▶ **PROBLEM TO SOLVE**: Print every record exactly, but leave out the pictures.

▶ **SOURCE INFORMATION**:
________

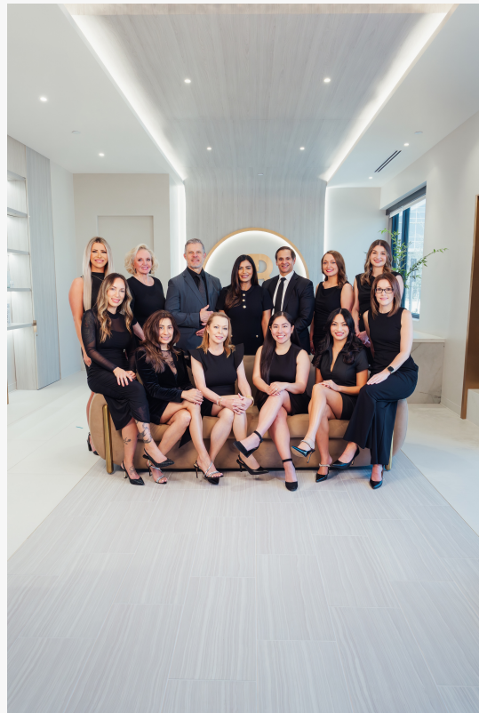
Body by Ravi Plastic Surgery & Aesthetics team
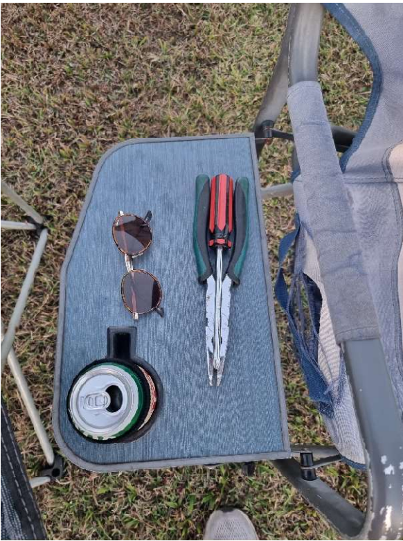
OBE's Dentistry Set
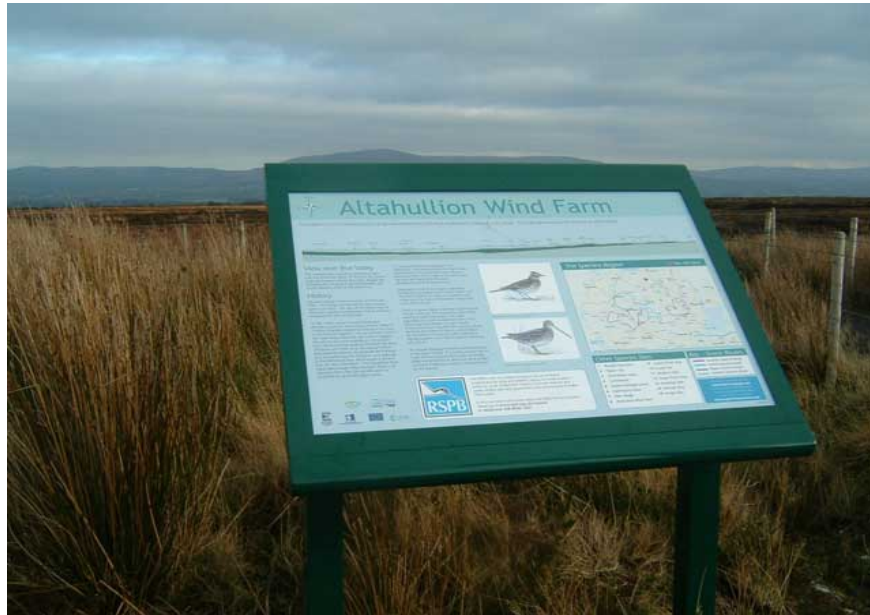
© Visitor information board at Altahullion Wind Farm
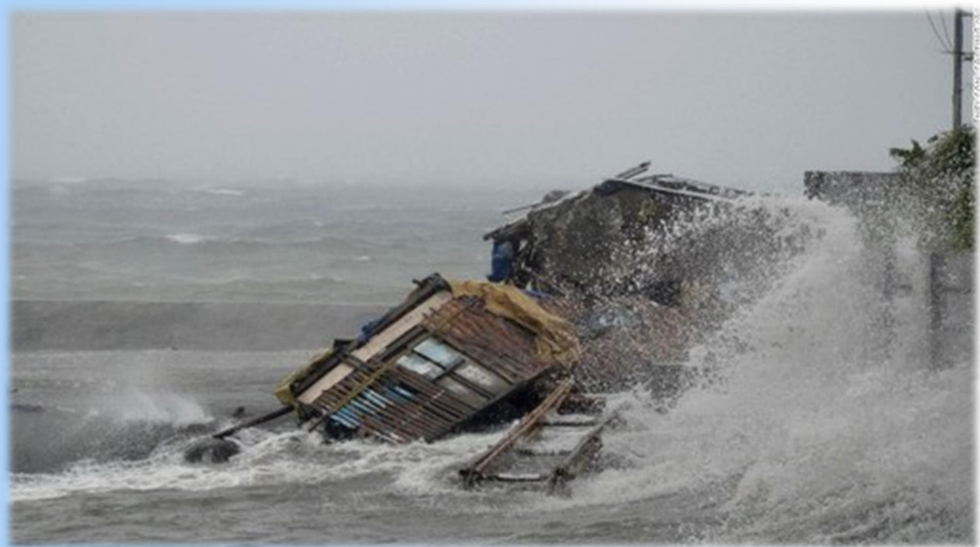
Typhoon Yolanda November 8, 2013
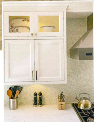
Pompai glass half pearl tiles were used on the backsplash to give movement and create a beachy, country feel.

Showcase Kitchens mixes modern elements with rustic touches
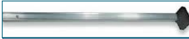
R045R Extension Tube with Articulating Foot

________

▶ **WRITTEN RESPONSE**:
Body by Ravi Plastic Surgery & Aesthetics team
OBE's Dentistry Set
© Visitor information board at Altahullion Wind Farm
Typhoon Yolanda November 8, 2013
Pompai glass half pearl tiles were used on the backsplash to give movement and create a beachy, country feel.

Showcase Kitchens mixes modern elements with rustic touches
R045R Extension Tube with Articulating Foot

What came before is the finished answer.